La barque HOT 64 est l’Armance Marguerite lancée le 8 mars 1909 à Saint-Vaast-la-Hougue par le constructeur Lecordier pour les armateurs Prentout de Fécamp et Bellanger de Trouville. Les chantiers de ce port ne construisent plus de barques pour le chalut depuis la fin du XIXᵉ siècle. En 1922, l’Armance Marguerite rejoint le quartier de Trouville. Elle jauge 19 tx 73. En 1929, cette barque coule dans le port de Fécamp.
• Les matricules de Honfleur Trouville ont varié plusieurs fois : jusqu’en 1870 les bateaux de Honfleur Trouville sont HO, puis jusqu’en 1882, HOT. De 1882 à 1914, Honfleur reste HO et Trouville TR. Puis de nouveau HOT. En 1930, CT (Caen Trouville) puis C et enfin CN… En 1920, Bernard Macario installera son chantier sur la rive gauche de la Touques en construisant, avec Georges Hamel, un grand nombre de bateaux pour la plaisance, et bien sûr, pour la pêche, mais le moteur avait remplacé la voile.
Escales

Portrait de bateau : la Barque de la Manche

barqueLe concept de la Barque de la Manche résulte d’une évolution des techniques navales et des modes de pêche pratiqués en Basse Normandie. Ce bateau apparaît vers la fin du XVIIIᵉ siècle dans l’Est du Cotentin pour « remonter » ensuite vers la Baie de Somme. A cette époque, les bateaux sont encore tirés au sec à chaque marée ce qui explique leur modeste dimension d’une douzaine de mètres.
• La Barque de la Manche porte un gréement simple, foc, trinquette, grand voile à corne et bordure libre, plus un flèche, éventuellement. Sa carène est puissante mais fine, arrière à voûte, comme on le voit sur l’image. La coque est évidemment en bois, bordée à franc bord.
La pêche pratiquée (chalutage) exige force et robustesse, ce qui conduit durant le XIXᵉ siècle à des unités plus grandes atteignant parfois une vingtaine de mètres. Les maîtres charpentiers de Fécamp en produisent en grand nombre. Mais ces dimensions les rendent délicates à manœuvrer et obligent à les remplacer peu à peu par des dundées (voilure plus divisée) au lendemain de la Première guerre.
Reste que ces voiliers de travail, bien adaptés à leur fonction et aux conditions de pêche, gardent une élégance  rustique, proprement admirable.
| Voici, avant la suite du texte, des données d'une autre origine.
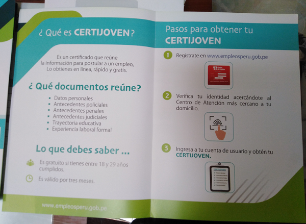 Los jóvenes de 18 a 29 años de edad que busquen postular a un empleo, podrán acceder al Certijoven – un documento que reúne información sobre datos personales, antecedentes policiales, penales, judiciales; trayectoria educativa y experiencia laboral formal.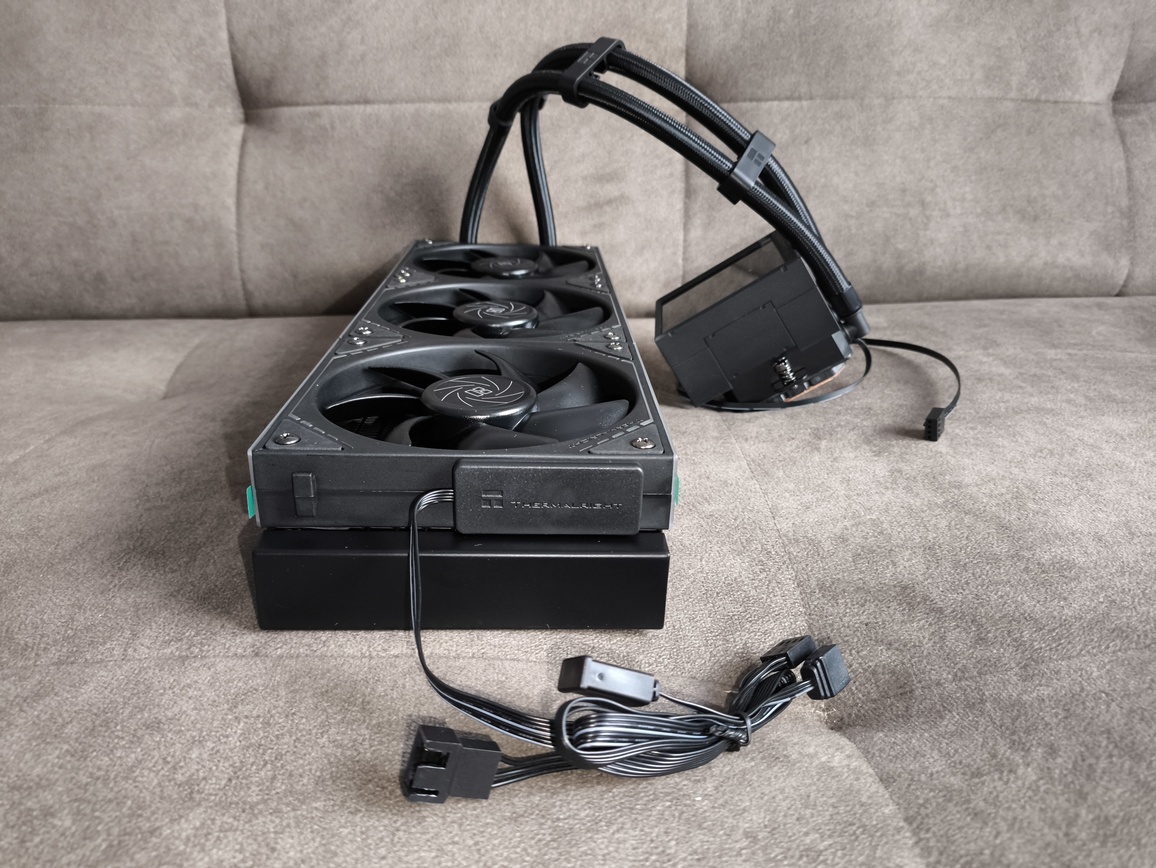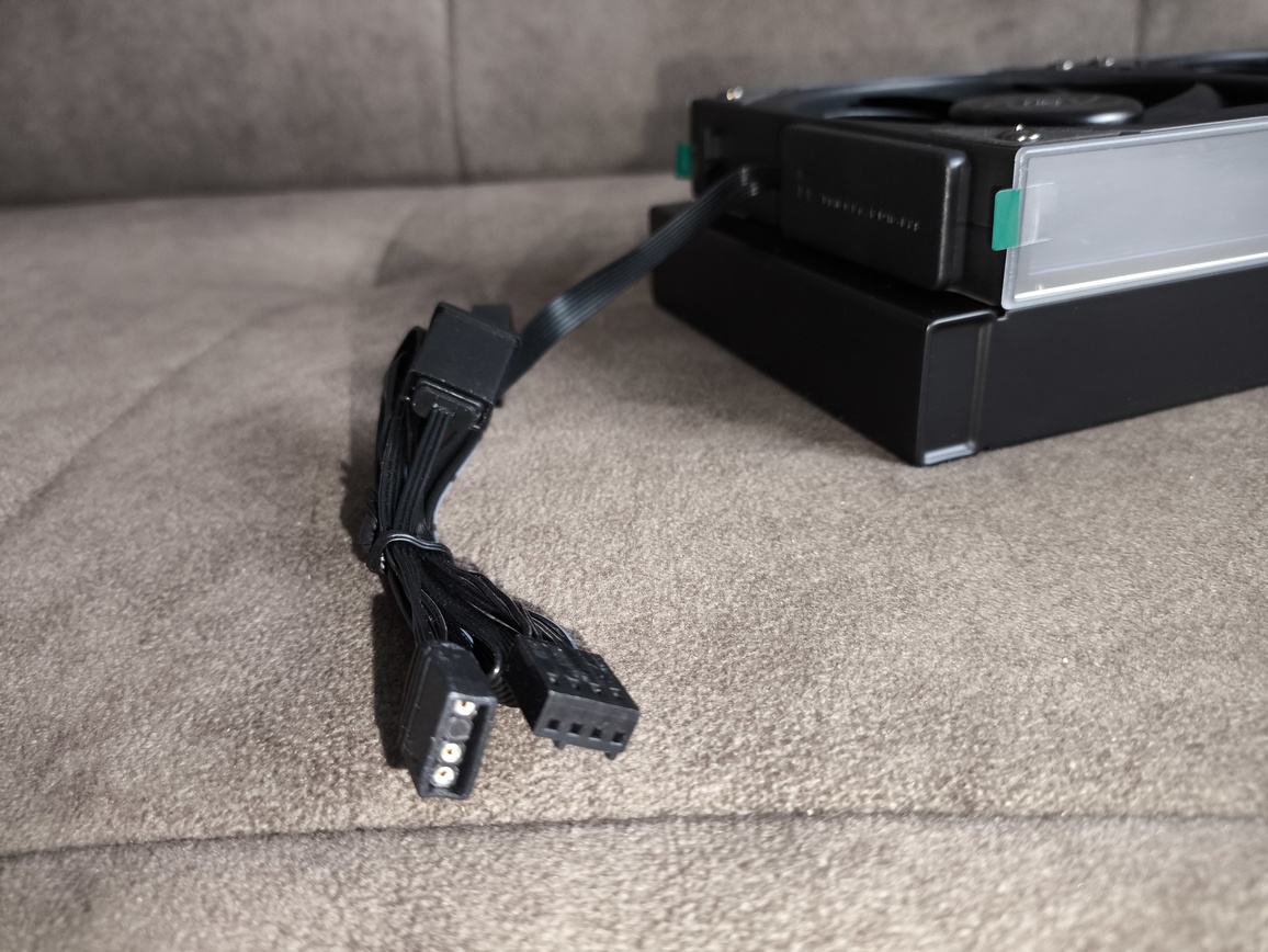 Jednym z ciekawszych rozwiązań jest sposób łączenia wentylatorów. Tworzą one jednolity moduł, co pozwala ograniczyć okablowanie do minimum – z całego zestawu wyprowadzono jedynie dwa przewody: jeden odpowiadający za zasilanie i sterowanie PWM, drugi za podświetlenie ARGB. Znacząco ułatwia to zarządzanie kablami i poprawia estetykę wnętrza obudowy.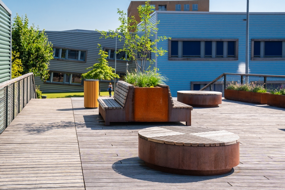 'We merken dat gemeenten nu veel behoefte hebben aan vergroening en verkoeling in de steden,' vertelt Oscar Gathier van FURNS. Daarvoor hebben wij greenpoints ontwikkeld. Dat zijn verplaatsbare planten- en bomenbakken die bijvoorbeeld op een marktplein voor verkoeling zorgen, maar bij een evenement verwijderd kunnen worden.'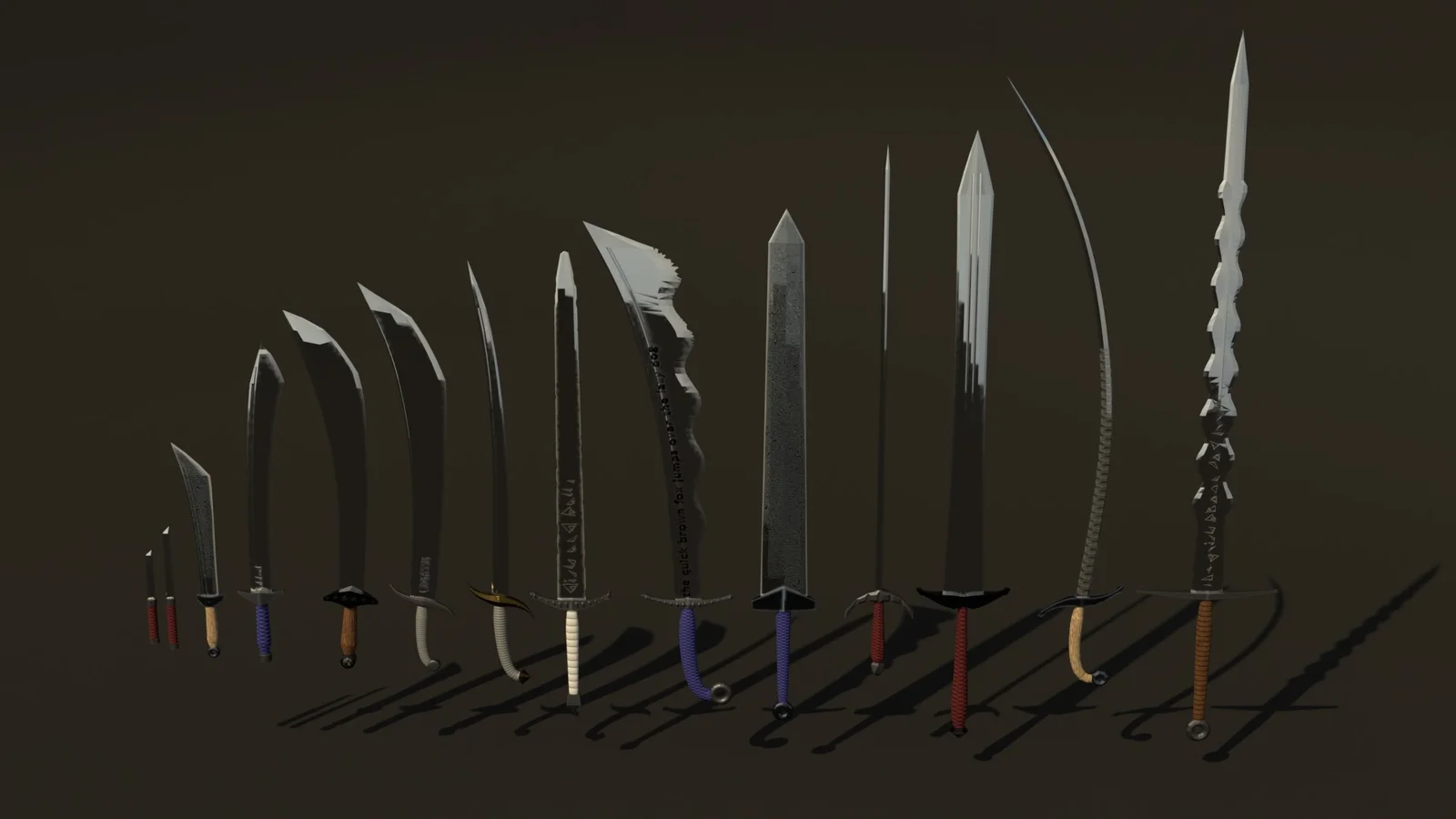 A geometry nodes system that generates a wide variety of procedural swords and knives. Users can customize individual weapon components, including blades with adjustable fullers, curvature, and engravings. The setup also provides controls for generating different styles of handguards, handles, and pommels. Several materials are included to texture the distinct components of the generated weapons.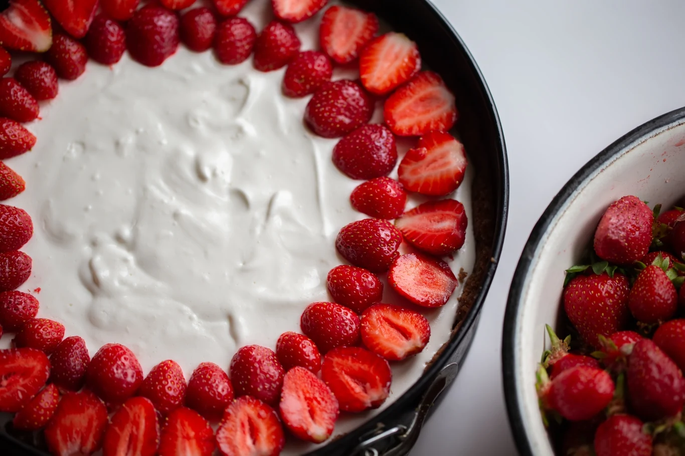 Oczywiście głównym składnikiem są w tym przypadku truskawki. Wybierając owoce w sklepie lub warzywniaku, warto postawić na te intensywnie czerwone, bez widocznych przebarwień - świadczących o ich przejrzałości. Do sernika na zimno dobrze jest użyć słodkich odmian, takich jak Alba, Lambada czy Honeoye.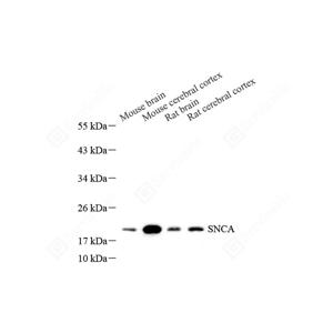 WB检测Alpha-synuclein蛋白(货号 GB11404). 样品: 经RIPA裂解液(货号G2002)处理的蛋白质. 封闭: 3%脱脂牛奶(货号GC310001)溶于TBST溶液, 室温孵育1小时. —抗: 1: 300稀释, 4℃ 孵育过夜. 二抗: HRP标记山羊抗兔IgG (H+L) (货号GB23303), 1: 5000稀释, 室温孵育1小时. |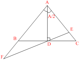 Internal bisector of ∠A of triangle ABC meets side BC at D. A line drawn through D perpendicular to AD intersects the side AC at E and the side AB at F. If a, b, c represent sides of ᐃABC then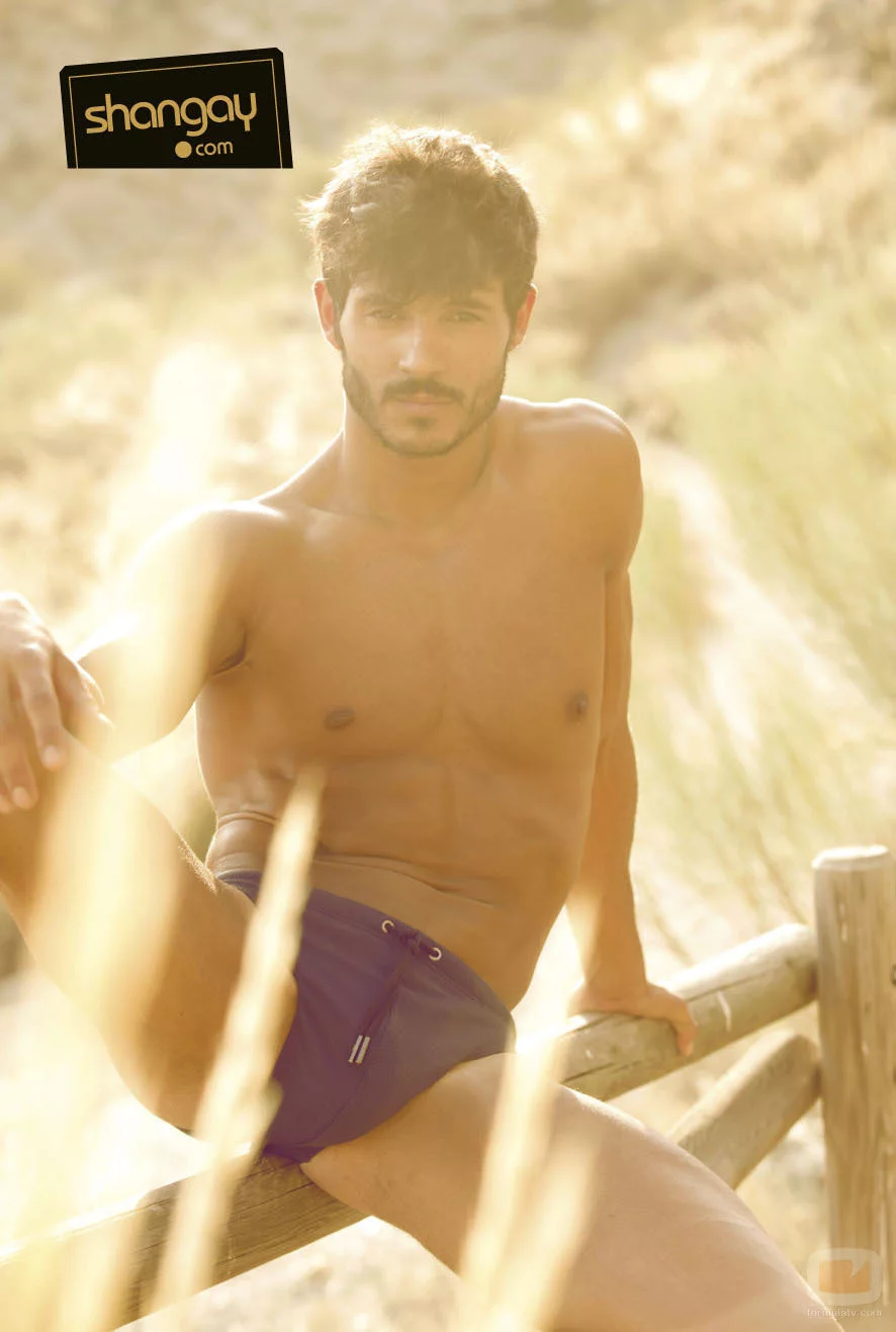 El actor luce un bañador azul y posa en medio de una zona costera plagada de arena y pajas que transmiten calidez en la nueva sesión de fotos de la revista Shangay.

La carte postale que nous reproduisons (postée en 1936) provient d’Onival, près du Tréport.

Portrait de navire(s)

goelCe n’est pas tout à fait un portrait de bateau, mais plutôt un descriptif sommaire d’une des deux goélettes de la Marine nationale l’Etoile ou La Belle Poule. Sans prétendre être très révélateur, ce descriptif ne vise qu’à rafraîchir notre mémoire sur le gréement de ces magnifiques unités qui valent bien, à mon sens,  un grand voilier moderne.
• Les jumelles sont du type goélette paimpolaise à hunier, à rouleau, construites à Fécamp en 1932 par les Chantiers navals de Normandie. A quelques détails près, elles sont identiques. Longueur HT 37,50 m, maître bau 7,40 m, tirant d’eau lège 3,65, déplacement 275 t. Elles sont armées à la formation des cadets de la Royale. Pendant la guerre, elles faisaient partie des Forces Navales Françaises Libres. Il est inutile, par ailleurs, d’insister sur leur parfaite élégance.
Dessin : 1/Tableau arrière – 2/Porte de coupée (invisible, juste devant le poste de pilotage) – 3/Youyou – 4/Bossoir d’embarcation – 5/Rouf avant – 6/Barre à roue – 7/ Beaupré – 8/ Sous-barbe – 9/Martingale de foc – 10/ Foc – 11/ Petit foc – 12/ Trinquette – 13/ Mât de misaine – 14/ Mât de hune – 15/ Vergue de volant – 16/ Rouleau – 17/ Vergue fixe – 18/ Chouque de mâts  – 19/ Cuisine – 20 Hunier – 21 Misaine – 22/ Corne de misaine – 23/ Gui de misaine – 24/ Voile d’étai – 25 / Etai de petit mât de hune  – 26/ Etai de grand mât de hune – 27/ Pomme de mât (invisible) – 28/ Flèche – 29/ Grand voile – 30/ Enflèchures – 31/ Bastaque – 32/ Patara – 33 / Balancine – 34/Rouf arrière – 35 Poste de pilotage – 36/Grand-mât – 37 /Grand-mât de hune – 38/ Maroquin – 39/ Gouvernail – 40/ Etrave – 41/ Guibre – 42/ Elongis – 43 / Ecoute de trinquette – 44/ Drisse de mât – 45/ Drisse de pic – 46/Bras tribord de vergue de volant – 47/ Bras tribord de la vergue fixe – 48/ Gui de grand voile.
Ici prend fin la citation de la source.